The Illinois eavesdropping statute states in relevant part that "[a] person commits eavesdropping when he: (a) uses an eavesdropping device to hear or record all or any part of any conversation unless he does so (1) with the consent of all of the parties to such conversation or (2) in accordance with Article A or Article 108B of the 'Code of Criminal Procedure of 1963.'" (Ill. Rev. Stat. 1991, ch. 38, par. 14-2(a).) An eavesdropping device is defined as "any device capable of being used to hear or record oral conversation whether such conversation is conducted in person, by telephone, or by any other means." Ill. Rev. Stat. 1991, ch. 38, par. 14-1(a).
This court interpreted the above statute in People v. Beardsley (1986), 115 Ill. 2d 47, 104 Ill. Dec. 789, 503 N.E.2d 346. In Beardsley, the defendant was stopped for speeding. The defendant repeatedly refused to produce a driver's license. Defendant was placed in the back of a squad car and subsequently arrested. While waiting for a tow truck, defendant recorded the conversation of two policemen who were seated in the front seat of the car. The policemen testified that they were unaware that defendant was recording their conversation despite the fact that they knew defendant had a tape recorder. The trial court convicted defendant of violating the eavesdropping statute. The appellate court affirmed. This court reversed the appellate court, holding that the eavesdropping statuteshould not prohibit the recording of a conversation by a party to that conversation or one known by the parties thereto to be present. Beardsley, 115 Ill. 2d at 56.
Our court in Beardsley relied on the reasoning in Lopez v. United States (1963), 373 U.S. 427, 10 L. Ed. 2d 462, 83 S. Ct. 1381. In Lopez, an IRS agent recorded the defendant offering money to him in exchange for concealing a certain tax liability. The Supreme Court found that the recording did not constitute eavesdropping whatever in any proper sense of that term. The Court held further that the government did not use the electronic device to listen in on conversations it could not otherwise have heard but only to obtain the most reliable evidence possible of a conversation in which the government's own agent was a participant and which that agent was fully entitled to disclose.

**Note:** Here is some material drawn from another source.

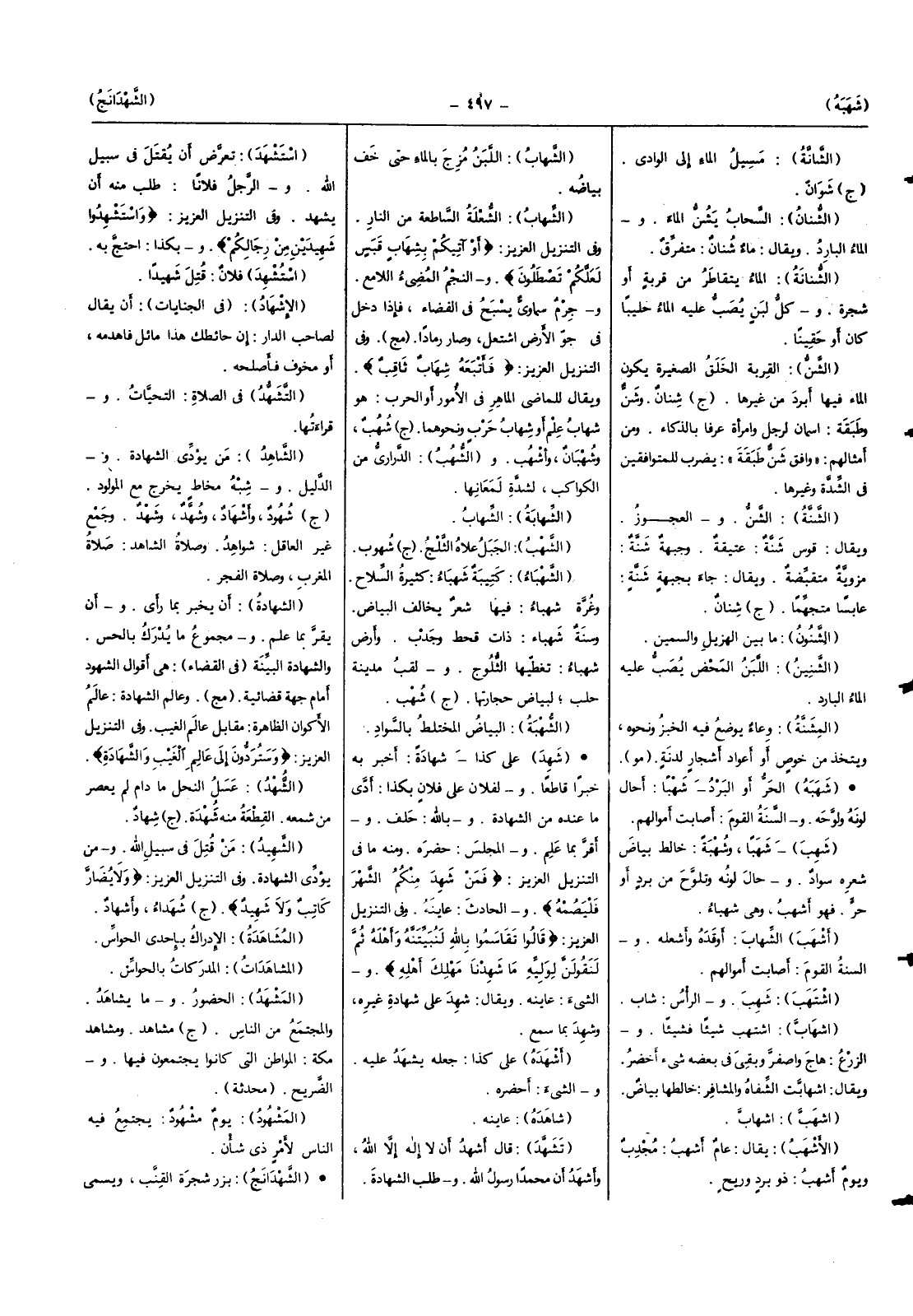 (الشَّهِيد) من قتل فِي سَبِيل الله وَمن يُؤَدِّي الشَّهَادَة وَفِي التَّنْزِيل الْعَزِيز {وَلَا يضار كَاتب وَلَا شَهِيد} (ج) شُهَدَاء وأشهاد

In Beardsley, this court explained the rationale applied in Lopez. The court held that a party to a conversation should not be restricted in repeating or testifying to what was said to him. The recording of a conversation by a party to that conversation was simply a means of preserving a more accurate account of what he had heard. Therefore, there can be no invasion of an "expectation of privacy" when a party to a conversation makes a recording of that conversation. Beardsley, 115 Ill. 2d at 56.
The defendant in the present case argues that he had a reasonable belief that the conversation between him and the alleged victim was private. We disagree. As stated above, there can be no expectation of privacy by the declarant where the individual recording the conversation is a party to that conversation. ( Beardsley, 115 Ill. 2d at 56.) We agree with the appellate court's statement in Bender v. Board of Fire & Police Commissioners (1989), 183 Ill. App. 3d 562, 565, 131 Ill. Dec. 881, 539 N.E.2d 234, that noeavesdropping occurs where an individual to whom statements are made or directed records them, even without the knowledge or consent of the person making the statements, because the declarant does not intend to keep his statements private vis-a-vis that individual."
In the present case, the alleged victim who was a party to the conversation consented to its recording. This recording enabled the alleged victim to preserve a more accurate record of the conversation. The alleged victim did not listen to or record a conversation she could not otherwise have heard. The statements were not transmitted to another party in violation of section 108A-1 et seq. of the Code of Criminal Procedure of 1963 (Ill. Rev. Stat. 1991, ch. 38, par. 108A-1 et seq.). Following Beardsley, we hold that the recording did not violate the Illinois eavesdropping statute, which allows the recording of a conversation by a party to that conversation.
The recording and corresponding transcript should not have been suppressed. The judgments of the appellate and circuit courts are therefore reversed, and the cause is remanded to the circuit court for further proceedings consistent with this opinion.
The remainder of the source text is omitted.